Diving into the critical role of protein for mid-life and older men and women, especially those aiming to shed body fat and bolster muscle and bone strength, is like exploring a crucial piece of a puzzle for their overall health. Protein isn’t just a building block for muscles; it’s the foundation of a well-rounded diet that fuels metabolic processes, repairs tissues, and supports bone health.

Role of Protein

Here’s a sample of important functions of protein:

  1. Muscle Maintenance and Growth: As we age, we naturally start to lose muscle mass, a condition known as sarcopenia. Your body begins gradually losing muscle starting around the age of 30, speeding up especially for those not actively engaging in resistance training. This loss accelerates significantly during menopause. Protein steps in as the critical resource for helping to maintain or grow muscle. It provides the amino acids necessary to repair and grow muscle fibers, especially after exercises like weight lifting or strength training. For mid-life women and older adults who might be fighting muscle loss, a protein-rich diet can help keep the muscles strong and functional.
  2. Bone Health: It’s not all about the muscles; bones are in the conversation too. Protein plays a supporting role in bone maintenance by aiding in the absorption of calcium and promoting bone formation and strength. Think of it as the scaffolding that helps keep the bone structure resilient against fractures, which becomes increasingly important as we age and the risk for osteoporosis climbs. Bone loss is again accelerated in women during menopause, but can affect everyone.
  3. Fat Loss: Here’s where protein truly shines for those looking to lose that stubborn menopause belly fat. Protein is satiating, meaning it keeps you feeling full longer. This can naturally lead to eating fewer calories without the battle of hunger pangs. Plus, the body expends more energy (burns more calories) digesting protein compared to fats and carbohydrates. It’s like revving up your metabolism. This increased calorie burn can help in shedding body fat when combined with a slight caloric deficit.
  4. Metabolic Health: A diet high in quality protein can also help stabilize blood sugar levels. By slowing the absorption of sugar during meals, protein helps prevent spikes in blood glucose, which can be particularly beneficial for anyone experiencing insulin sensitivity. This is one of many issues that arise for mid-life women during and after menopause.

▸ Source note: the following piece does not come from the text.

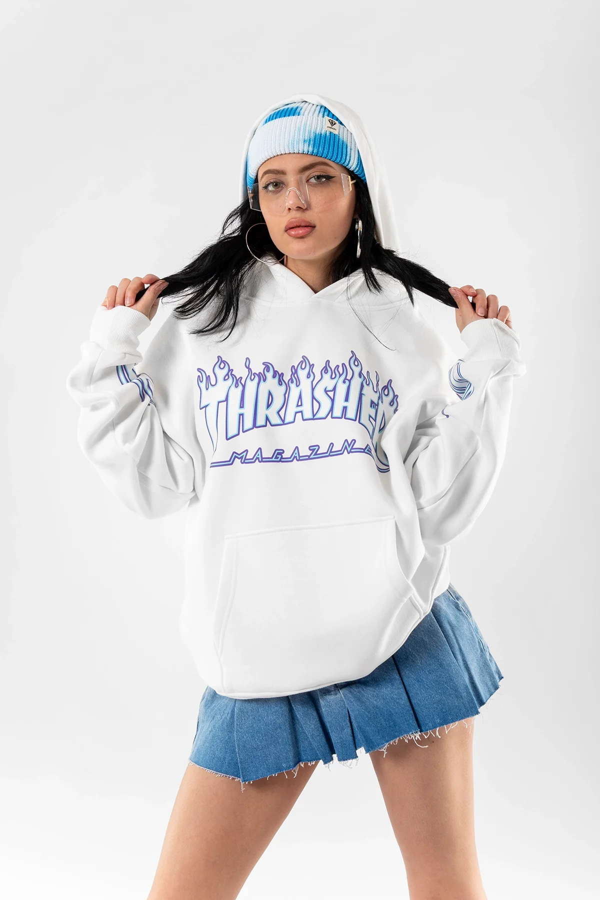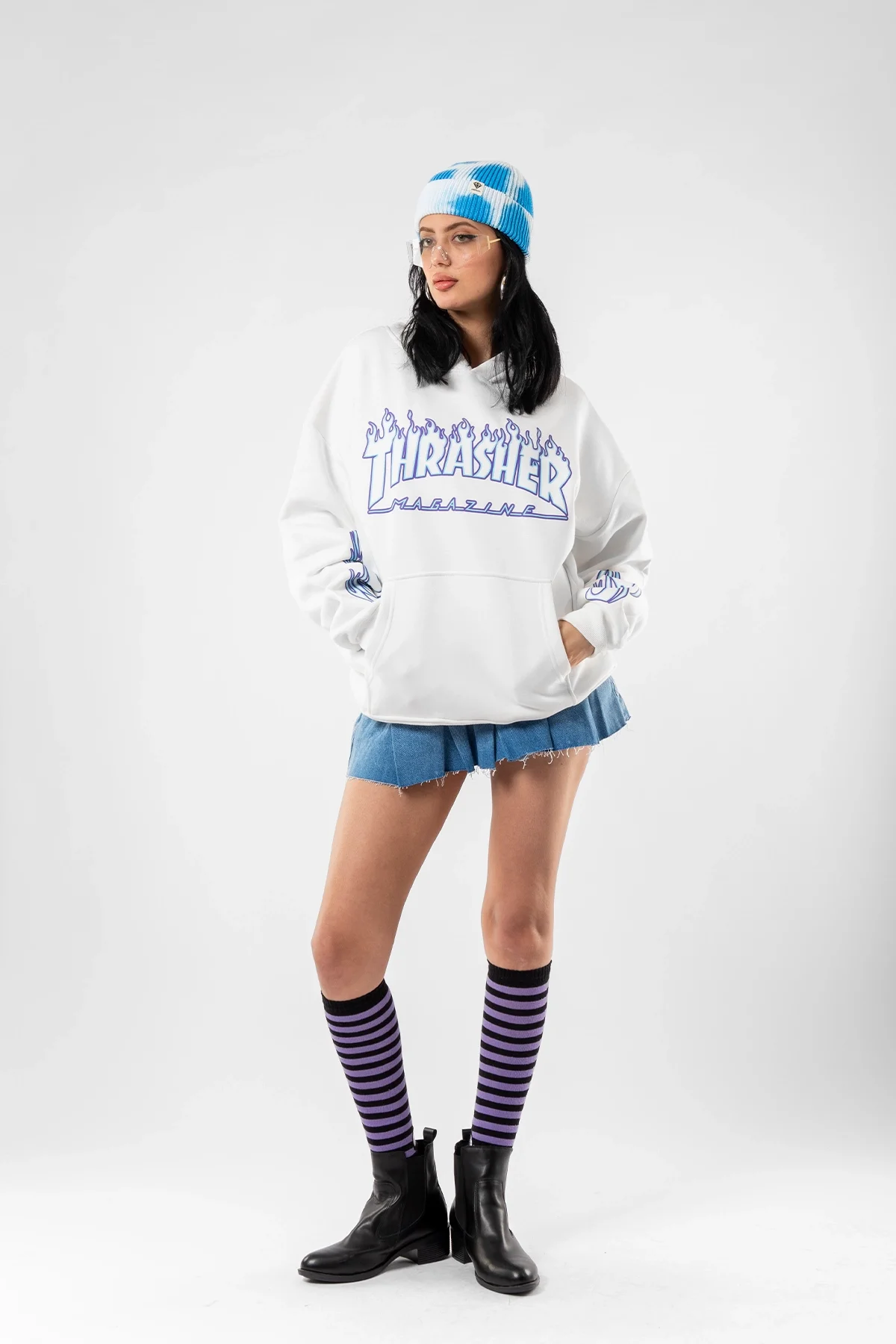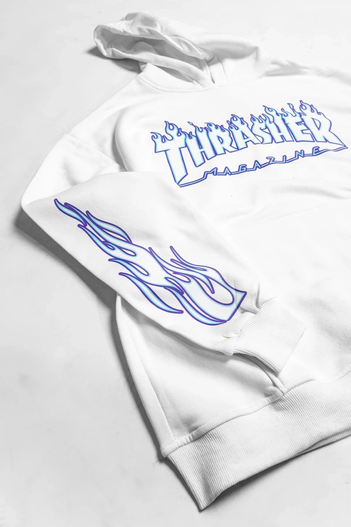 THRASHER FLAM BASKILI OVERSİZE UNİSEX BEYAZ HOODİE
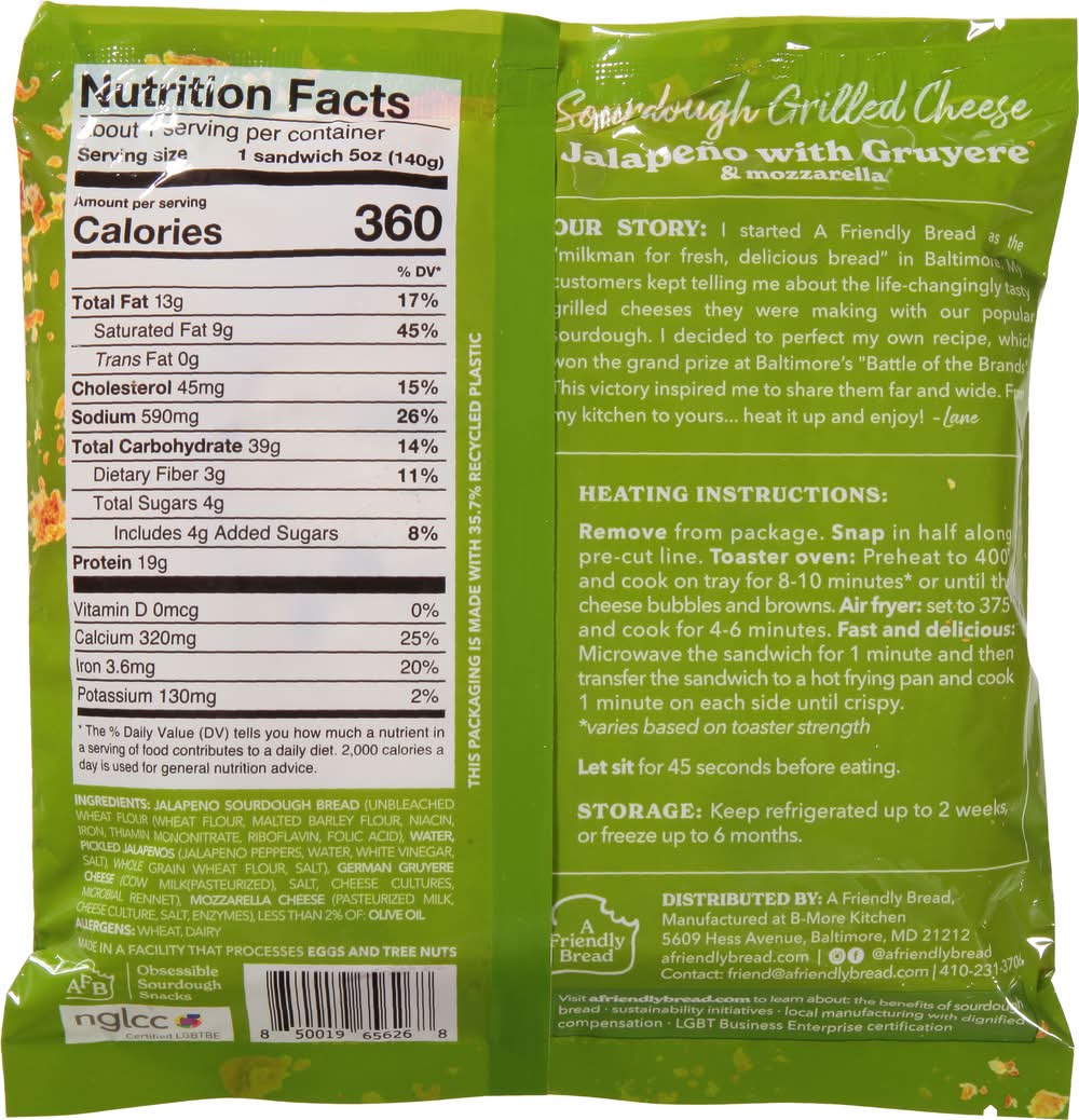 A Friendly Bread Sourdough Grilled Cheese Sandwich, Jalapeño Gruyere-Mozzarella (5 oz)

Sources of Dietary Protein

For mid-life and older adults aiming to support muscle and bone health, lose body fat, and maintain overall vitality, diversifying protein sources is key. Getting enough of the amino acid leucine is also important. Here’s a rundown of high-quality protein sources, covering both animal and plant-based options:

Animal-Based Protein Sources

  1. Chicken Breast: Lean and high in protein, it’s a staple for building muscle without the high fat content found in darker poultry meat.
  2. Turkey: Similar to chicken, turkey is lean and packed with high-quality protein, making it excellent for muscle maintenance.
  3. Fish: Especially fatty fish like salmon, mackerel, and sardines, which are not only high in protein but also rich in omega-3 fatty acids, beneficial for heart and brain health.
  4. Eggs: A versatile and affordable source of high-quality protein that also provides essential amino acids, vitamins, and minerals.
  5. Greek Yogurt: Packed with protein and probiotics, it’s great for muscle health and digestive wellness.
  6. Cottage Cheese: Low in fat and high in protein, it’s excellent for satiety and muscle repair.
  7. Lean Beef: Rich in protein, iron, and vitamin B12, which are crucial for energy and muscle maintenance. Opt for grass-fed varieties when possible for higher omega-3 content.

Plant-Based Protein Sources

  1. Lentils: A powerhouse of not just protein, but also fiber, iron, and folate, making them great for heart health and energy levels.
  2. Chickpeas: Versatile and packed with protein, fiber, and minerals. They can be used in salads, soups, and hummus.
  3. Quinoa: A complete protein containing all nine essential amino acids, plus it’s gluten-free and rich in fiber.
  4. Tofu and Tempeh: Made from soybeans, they’re excellent plant-based proteins that can be used in a wide range of dishes, from stir-fries to salads.
  5. Black Beans: High in protein and fiber, they’re great for digestive health and can be used in numerous dishes.
  6. Edamame: Young soybeans that are a tasty, protein-rich snack or addition to meals.
  7. Nuts and Seeds: Almonds, chia seeds, flaxseeds, and hemp seeds are not only good protein sources but also rich in healthy fats and fiber.

Incorporate a variety of these protein sources into your diet to help ensure you get the broad range of nutrients your body needs to function optimally, support muscle and bone health, and aid in fat loss. Mixing animal and plant sources, if your dietary preferences allow, can make meals more interesting and nutritionally balanced.

How Much Dietary Protein Per Day?

The recommended daily protein intake for mid-life or older adults can vary based on several factors, including activity level, overall health, and specific fitness goals. However, general guidelines can provide a starting point for most individuals.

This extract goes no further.